Artists, make sure you have a photo print, an audio recording, a CD or DVD, of your creation. A digital copy will not last the test of time.
Patrick Somerville, show runner of that marvelous, scary series “Station Eleven,” knows the fickleness of financing and digital media. I had to chuckle at one of Somerville’s ruminations.
”If Station Eleven ever disappears,” he tweeted late in 2022, “I promise to purchase one acre of land somewhere in the Mojave desert and just play it on loop, projected on a rock, forever.”
The series reprises the 2014 book with the same name by Emily St. John Mandel. So, even if the series gets lost in the ether, molders away on some unsupported form of storage or fizzles when the electricity is cut off from a storage site,, the book is still there.

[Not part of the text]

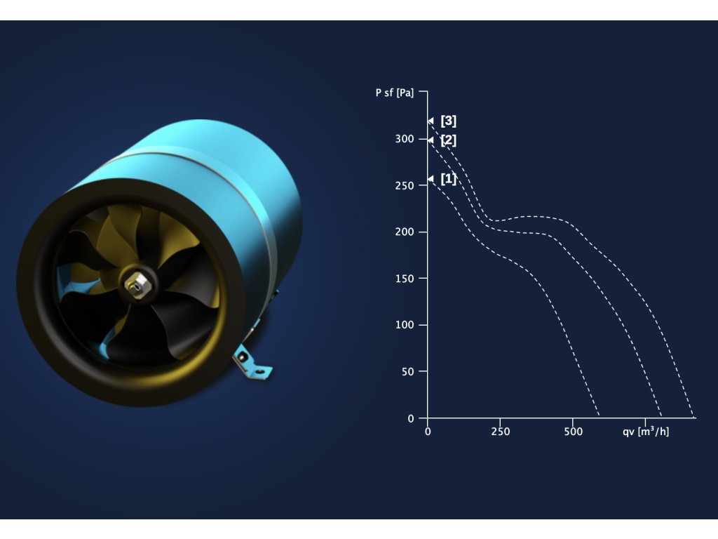 - EC motor (elektronicky komutovaný) – až o 50 % úspornější, tišší a s možností plynulé regulace výkonu (0–10 V). Vhodný pro trvalý provoz a systémy s požadavkem na nízkou hlučnost.

That book is worth placing near the top of your reading lists.
The story? After a pandemic wipes out almost everyone on the globe, readers are dropped into a tale of a wandering troupe of actors who must scavenge and be ready to kill to stay alive to perform their interpretations of Shakespeare. The troupe also strives to keep musical performances alive. The author explores the costs of the loss of the society, the people we so treasure and the artifacts that society creates.
It’s a good read. It takes a well-worn literary scenario in a different direction. Beyond that, contemplating the world of that novel, a reader will grapple with the thorny issues of what is worth preserving in the event of a catastrophe.
That line of thought is well worth exploring.
That’s one reason I stick with real books and CDs — with a CD player. I suppose it’s a little (1) old-fogey-ish or (2) over the top and just slightly paranoid, but there we are. Making hard copies of best blog entries isn’t a bad idea, either. I’ve had the experience of WordPress going down, and both posts and drafts disappearing.